Circadian rhythm sleep disorders: Lessons from the blind

Robert L. Sack, Alfred J. Lewy

Research output: Contribution to journalReview articlepeer-review

24 Scopus citations


As totally blind people cannot perceive the light-dark cycle (the major synchroniser of the circadian pacemaker) their circadian rhythms often "free run" on a cycle slightly longer than 24h. When the free-running sleep propensity rhythm passes out of phase with the desired time for sleep, night-time insomnia and daytime sleepiness result. It has recently been shown that daily melatonin administration can entrain the circadian pacemaker, thereby correcting this burdensome circadian sleep disorder. The primary purpose of this review is to elevate awareness of circadian sleep disorders in totally blind people (especially free-running rhythms) and to provide some guidance for clinical management. An additional goal is to show how research on sleep and circadian rhythms in the totally blind can contribute insights into the scientific understanding of the human circadian system.

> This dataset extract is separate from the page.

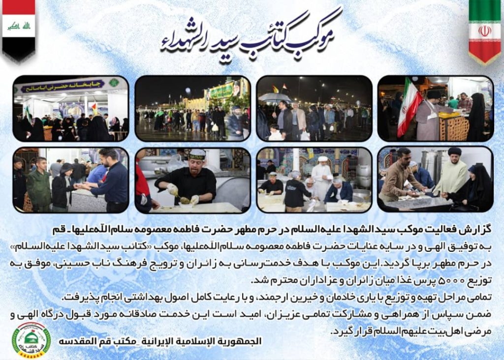 حسب توجيهات الامين العام لكتائب سيد الشهداء الحاج ابولاء الولائي.. اقام المكتب الثقافي في الجمهورية الاسلامية الايرانية مكتب قم المقدسه موكبا خدميا لمدة يومين داخل حرم السيدة فاطمة المعصومة/ صحن جواد الائمة

Original languageEnglish (US)
Pages (from-to)189-206
Number of pages18
JournalSleep Medicine Reviews
Issue number3
StatePublished - 2001
Externally publishedYes


  • Blindness
  • Circadian rhythms
  • Insomnia
  • Melatonin
  • Sleep disorders

ASJC Scopus subject areas

  • Pulmonary and Respiratory Medicine
  • Neurology
  • Clinical Neurology
  • Physiology (medical)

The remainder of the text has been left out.